[[ Record excerpts open ]]
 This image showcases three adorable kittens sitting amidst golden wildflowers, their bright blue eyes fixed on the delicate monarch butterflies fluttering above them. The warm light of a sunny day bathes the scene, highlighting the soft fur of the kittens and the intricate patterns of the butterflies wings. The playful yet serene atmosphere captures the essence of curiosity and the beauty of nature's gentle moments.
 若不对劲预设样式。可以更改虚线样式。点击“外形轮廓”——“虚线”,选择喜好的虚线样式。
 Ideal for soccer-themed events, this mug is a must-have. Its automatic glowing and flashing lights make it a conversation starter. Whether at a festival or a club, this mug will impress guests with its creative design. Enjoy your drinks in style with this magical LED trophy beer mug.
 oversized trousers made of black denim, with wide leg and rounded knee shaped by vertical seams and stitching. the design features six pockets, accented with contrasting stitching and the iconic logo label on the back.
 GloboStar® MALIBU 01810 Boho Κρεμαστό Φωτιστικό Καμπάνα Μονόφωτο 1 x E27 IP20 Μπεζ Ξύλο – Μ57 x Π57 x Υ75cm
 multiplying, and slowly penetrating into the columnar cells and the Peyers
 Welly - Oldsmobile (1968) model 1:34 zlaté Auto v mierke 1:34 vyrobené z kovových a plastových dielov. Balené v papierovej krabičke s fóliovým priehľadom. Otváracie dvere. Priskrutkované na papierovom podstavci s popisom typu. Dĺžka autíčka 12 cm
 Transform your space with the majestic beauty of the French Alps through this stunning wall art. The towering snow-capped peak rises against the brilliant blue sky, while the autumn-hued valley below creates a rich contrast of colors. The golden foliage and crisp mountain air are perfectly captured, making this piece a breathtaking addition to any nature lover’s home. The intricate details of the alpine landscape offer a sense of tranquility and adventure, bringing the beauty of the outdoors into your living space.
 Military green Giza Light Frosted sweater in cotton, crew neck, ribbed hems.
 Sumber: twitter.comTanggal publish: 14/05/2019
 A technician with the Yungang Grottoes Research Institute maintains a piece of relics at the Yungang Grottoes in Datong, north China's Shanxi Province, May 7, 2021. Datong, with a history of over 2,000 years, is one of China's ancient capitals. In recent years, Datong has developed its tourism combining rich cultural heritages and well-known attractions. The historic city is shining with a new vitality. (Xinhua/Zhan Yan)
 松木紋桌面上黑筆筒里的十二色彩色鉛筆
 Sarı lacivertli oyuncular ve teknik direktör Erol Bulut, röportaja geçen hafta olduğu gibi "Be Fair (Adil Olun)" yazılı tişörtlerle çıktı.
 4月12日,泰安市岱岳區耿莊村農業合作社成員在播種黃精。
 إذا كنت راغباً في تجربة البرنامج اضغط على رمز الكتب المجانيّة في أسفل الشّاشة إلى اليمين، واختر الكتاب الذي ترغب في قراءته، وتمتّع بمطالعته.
[[ Record excerpts closed ]]
Problem to solve
Each line above needs to be repeated exactly, with nothing omitted.

Answer space
 This image showcases three adorable kittens sitting amidst golden wildflowers, their bright blue eyes fixed on the delicate monarch butterflies fluttering above them. The warm light of a sunny day bathes the scene, highlighting the soft fur of the kittens and the intricate patterns of the butterflies wings. The playful yet serene atmosphere captures the essence of curiosity and the beauty of nature's gentle moments.
 若不对劲预设样式。可以更改虚线样式。点击“外形轮廓”——“虚线”,选择喜好的虚线样式。
 Ideal for soccer-themed events, this mug is a must-have. Its automatic glowing and flashing lights make it a conversation starter. Whether at a festival or a club, this mug will impress guests with its creative design. Enjoy your drinks in style with this magical LED trophy beer mug.
 oversized trousers made of black denim, with wide leg and rounded knee shaped by vertical seams and stitching. the design features six pockets, accented with contrasting stitching and the iconic logo label on the back.
 GloboStar® MALIBU 01810 Boho Κρεμαστό Φωτιστικό Καμπάνα Μονόφωτο 1 x E27 IP20 Μπεζ Ξύλο – Μ57 x Π57 x Υ75cm
 multiplying, and slowly penetrating into the columnar cells and the Peyers
 Welly - Oldsmobile (1968) model 1:34 zlaté Auto v mierke 1:34 vyrobené z kovových a plastových dielov. Balené v papierovej krabičke s fóliovým priehľadom. Otváracie dvere. Priskrutkované na papierovom podstavci s popisom typu. Dĺžka autíčka 12 cm
 Transform your space with the majestic beauty of the French Alps through this stunning wall art. The towering snow-capped peak rises against the brilliant blue sky, while the autumn-hued valley below creates a rich contrast of colors. The golden foliage and crisp mountain air are perfectly captured, making this piece a breathtaking addition to any nature lover’s home. The intricate details of the alpine landscape offer a sense of tranquility and adventure, bringing the beauty of the outdoors into your living space.
 Military green Giza Light Frosted sweater in cotton, crew neck, ribbed hems.
 Sumber: twitter.comTanggal publish: 14/05/2019
 A technician with the Yungang Grottoes Research Institute maintains a piece of relics at the Yungang Grottoes in Datong, north China's Shanxi Province, May 7, 2021. Datong, with a history of over 2,000 years, is one of China's ancient capitals. In recent years, Datong has developed its tourism combining rich cultural heritages and well-known attractions. The historic city is shining with a new vitality. (Xinhua/Zhan Yan)
 松木紋桌面上黑筆筒里的十二色彩色鉛筆
 Sarı lacivertli oyuncular ve teknik direktör Erol Bulut, röportaja geçen hafta olduğu gibi "Be Fair (Adil Olun)" yazılı tişörtlerle çıktı.
 4月12日,泰安市岱岳區耿莊村農業合作社成員在播種黃精。
 إذا كنت راغباً في تجربة البرنامج اضغط على رمز الكتب المجانيّة في أسفل الشّاشة إلى اليمين، واختر الكتاب الذي ترغب في قراءته، وتمتّع بمطالعته.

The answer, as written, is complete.